Response Surface Optimization of Oil Removal Using Synthesized Polypyrrole-Silica Polymer Composite.

The severity of oil pollution, brought about by improper management, increases daily with an increase in the exploration and usage of oil, especially with an increase in industrialization. Conventional oil treatment methods are either expensive or time consuming, hence the need for new technologies. The aim of this research is to synthesize polypyrrole-modified silica for the treatment of oily wastewater. Pyrrole was copolymerized with silica in the presence of ferric chloride hexahydrate by adding 23 mL of 117.4 g/dm3 ferric chloride hexahydrate drop wise to a silica-pyrrole mixture (1:2.3). The mixture was stirred for 24 h, filtered and dried at 60 °C for 24 h. The composite was then characterized using FTIR and SEM/EDX. A central composite model was developed in design expert software to describe the efficiency of oil removal using the polypyrrole-modified silica under the influence of initial oil concentration, adsorbent dosage and contact time. The synthesized adsorbent had FTIR bands at 3000-3500 cm-1 (due to the N-H), 1034 cm-1 (attributed to the Si-O of silica), 1607 cm-1 and 1615 cm-1 (due to the stretching vibration of C=C of pyrrole ring). The adsorption capacity values predicted by the central composite model were in good agreement with the actual experimental values, indicating that the model can be used to optimize the removal of oil from oily wastewater in the presence of polypyrrole-modified silica. The adsorbent showed excellent oil uptake when compared with similar materials. The optimum conditions for oil removal were 7091 mg/L oil concentration, 0.004 g adsorbent dosage and contact time of 16 h. Under these conditions, the percentage of oil adsorption was 99.3% and adsorption capacity was 8451 mg/g. As a result of the low optimum dosage and the lack of agitation, the material was found to be applicable in the remediation of field wastewater.

1. Introduction

Generally, oils in wastewater are classified as either dissolved or dispersed. Dissolved oils are either aromatics, acids or phenols, while dispersed oils are either aromatics, acids or aliphatics.

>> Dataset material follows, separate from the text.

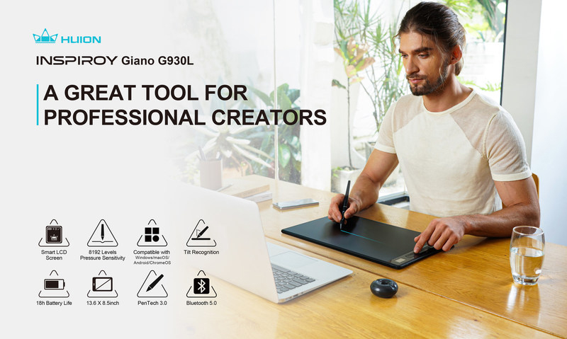 ฮูยอน (Huion) แบรนด์อุปกรณ์วาดภาพดิจิทัลชั้นนำระดับโลก เปิดตัวแผ่นรองวาดพร้อมเมาส์ปากกาบลูทูธรุ่นอินสไปรอย เจียโน จี930แอล (Inspiroy Giano G930L)

These groups of compounds are stable to light and heat, and as a result, they do not biodegrade easily and thus have a high pollution potential [1]. They are released into the environment during mining and transportation, thereby earning a top spot on the environmental issues list [2,3,4,5,6]. Methods that have been previously used in the removal of organic pollutants from water and in the treatment of oily wastewater are coagulation, filtration with coagulation, precipitation, ozonation, adsorption, ion exchange, reverse osmosis, biological methods and advanced oxidation processes. These methods, except for adsorption, are expensive to run, cannot be used without proper training, and in the case of biological methods, take up too much time [7].

Adsorption has proven to be one of the best methods in the remediation of oily wastewater, especially when the right adsorbent is employed [8]. An ideal adsorbent should have high adsorption capacity, high lipophilicity and low hydrophobicity, should be recyclable and should be environmentally friendly [9].

It has been somewhat of a challenge to fabricate the ideal adsorbent for oil removal so far [10]. Several natural adsorbents have been used for oil sorption. These include rice husk ash [11], carbonized peat bagasse [12], saw dust [13], vegetable fibers [14] and sugarcane bagasse [15]. One drawback of using natural adsorbents is that they are in short supply in some regions. Chemically modified natural adsorbents have also been used with some degree of success. For example, acetylated corncobs have been used in the remediation of oily water with a sorption capacity of 2500 mg/g [16]. Oleic acid-modified sawdust has also been used and was found to have relatively high sorption capacity. Inorganic materials have been applied to adsorb oil and these materials include fly ash, activated carbon, zeolite and vermiculite [17,18,19,20,21,22]. One drawback of the use of these materials, however, is the low adsorption ability. Other materials such as carbon nanotubes, filter papers, metal meshes, superhydrophilic and underwater superoleophobic metal meshes and diesel exhaust emission soot-coated polyurethane foams have been applied in the remediation of oily waters but these too have limitations, such as high costs and complex fabrication [23,24,25]. Synthetic adsorbents, like polydimethylsiloxane-coated polyurethane (PU) sponge, perfluorooctyltriethoxysilane—polypyrrole sponge, and polypyrrole—palmitic acid polyurethane sponge have also been used, with adsorption capacities reportedly higher than those of inorganic and natural adsorbents [10].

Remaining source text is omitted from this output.